A new book examines Trump's reaction to the aftermath of George Floyd's murder. Photo / AP
Donald Trump ranted about "the blacks" — declaring they wouldn't vote for him despite the fact he'd done "all this stuff for" them — and blamed his son-in-law for making him look "weak" during last year's Black Lives Matter protests, a new book has claimed.
In an excerpt of his forthcoming book, Frankly, We Did Win This Election: The Inside Story of How Trump Lost, Wall Street Journal reporter Michael Bender writes that the former president's reaction to the aftermath of George Floyd's murder marked the beginning of the end of his re-election hopes.
While the 74-year-old leaned into "law and order" themes during his 2016 campaign, he felt that the criminal justice reform bill he signed in December 2018 — a move that was heavily encouraged by his daughter Ivanka's husband, Jared Kushner — "made him look weak and — even worse — hadn't earned him any goodwill among black voters", Bender wrote.
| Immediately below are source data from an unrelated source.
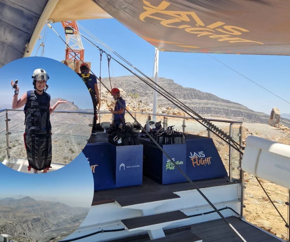 Jais Flight liczy imponujące 2,83 kilometra długości, a podczas zjazdu osiąga się prędkość nawet 150–160 km/h. Lot trwa niespełna trzy minuty, ale intensywność doznań sprawia, że czas zupełnie traci znaczenie. Lecisz głową w dół, w pozycji przypominającej lot superbohatera, nad głębokimi wąwozami i poszarpanymi szczytami gór Hajar, na wysokości 1680 metrów nad poziomem morza. Po pierwszym, dłuższym odcinku lądujesz na platformie zawieszonej około 80 metrów nad ziemią, ze szklanym dnem, skąd ruszasz w dalszą, już krótszą, ale równie emocjonującą część trasy.
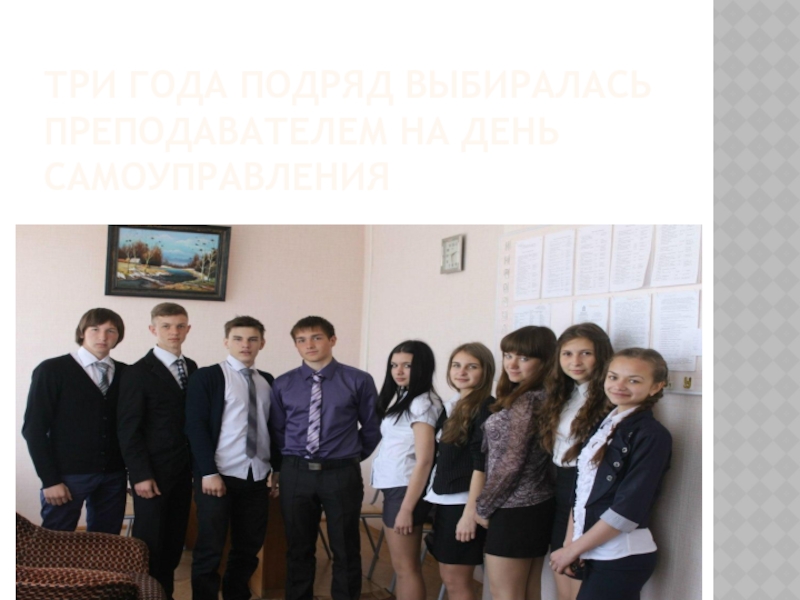 Слайд 9ТРИ ГОДА ПОДРЯД ВЫБИРАЛАСЬ ПРЕПОДАВАТЕЛЕМ НА ДЕНЬ САМОУПРАВЛЕНИЯ
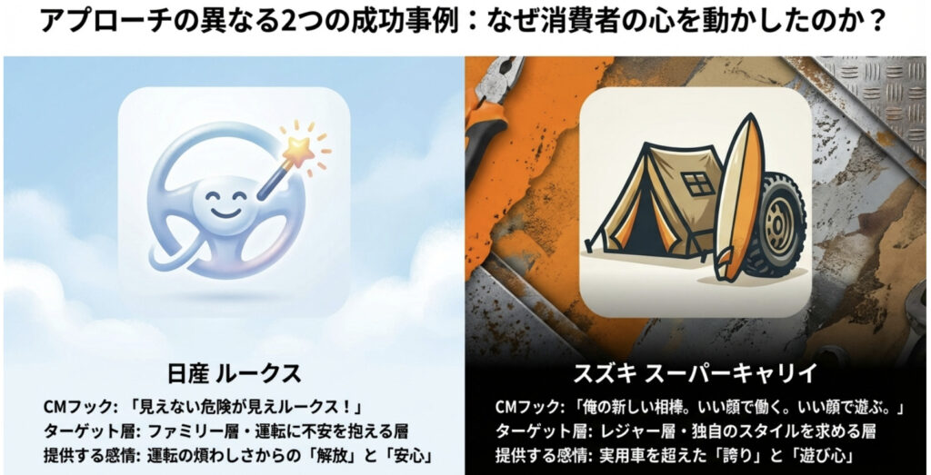 これらのランキング結果から見えてくるのは、単に新しい技術やデザインをアピールするだけでなく、「消費者のライフスタイルにどう寄り添うか」「どんな感情的価値を提供できるか」という点が、CM好感度を大きく左右する時代になったということです。次のセクションからは、日産ルークスとスズキキャリイのCM戦略を、より深く掘り下げていきます。

"When most Americans rejected Trump's unreasonably truculent response to the civil unrest that was sweeping the country, the President also blamed Kushner", he added.
"As protesters poured into the streets of the nation's capital and major municipalities, Trump privately told advisers that he wished he'd been quicker to support police and more aggressive in his pushback against protesters."
The absence of support led Trump to complain on Father's Day to a confidante that he had "done all this stuff for the blacks — it's always Jared telling me to do this ... and they all f***ing hate me, and none of them are going to vote for me," he said, according to Bender.
Trump's 'surprising' reaction to George Floyd's death
The former leader was also supposedly more sympathetic to Floyd behind closed doors and more critical of the police who killed him — despite taking the opposite stance every time he was in public.
While he didn't watch the video of Floyd's murder on the day it went viral, when he did — surrounded by Kushner, his media team, and other senior White House officials — Trump "contorted his face as he watched" and "looked repulsed, then turned away".
"This is f***ing terrible," he said, according to Bender.
"I know these f***ing cops. They can get out of control sometimes. They can be rough."
His reaction to the video "struck some in the room as surprisingly critical of police, and the President showed a level of empathy for Floyd behind closed doors that he would never fully reveal in public", Bender wrote.
"Had he tried, it might have helped dial down the tension. But Trump didn't see it as part of his job to show empathy, and he worried that such a display would signal weakness to his base," he said.
"Trump's compassion quickly evaporated that night as he watched demonstrators torch a Minneapolis police station, and the protests spread to New York City; Denver; Phoenix; Columbus, Ohio; and Memphis, Tennessee."
"These THUGS are dishonouring the memory of George Floyd," the President tweeted on his now-defunct Twitter account. "When the looting starts, the shooting starts. Thank you!"
Within a month of Floyd's May 25 death, Trump was "dumping on his son-in-law, and he was also abandoning the chance to improve his relationship with black leaders and black voters during a particularly tumultuous moment in US race relations and the presidential campaign".
Juneteenth Tulsa rally marked 'beginning of the end'
Bender's book also reveals Trump's tone-deaf call to hold his first rally of the coronavirus pandemic in Tulsa, Oklahoma — the site of the single worst incident of racial violence in America history — on Juneteenth, the date that marks the end of slavery in the US.
While nobody on his campaign team flagged the location or date could be problematic, staffers at the Republican National Committee warned that the media and the Democrats wouldn't give the President "the benefit of the doubt" and urged him not to forge ahead.
"Don't do this," RNC Chairwoman Ronna Romney McDaniel warned Trump's campaign manager, Brad Parscale. "The media is not going to give us the benefit of the doubt, especially now."
The pleas fell on deaf ears — and when Trump decided to go ahead with the rally, eventually changing the date to the following day, it showed not just that he "couldn't be more insensitive to the world erupting all around him" but that he "was also impaired by his stunning disregard for history".
When he finally took to the stage in Tulsa, to an arena that was two-thirds empty, he urged his audience to forget the past several months, seeking a fresh start for his re-election bid.
"So we begin, Oklahoma," he told the crowd. "We begin. We begin our campaign."
"But the truth was, the campaign had begun long ago," Bender wrote of the moment. "What was actually beginning now, for Trump, was the end."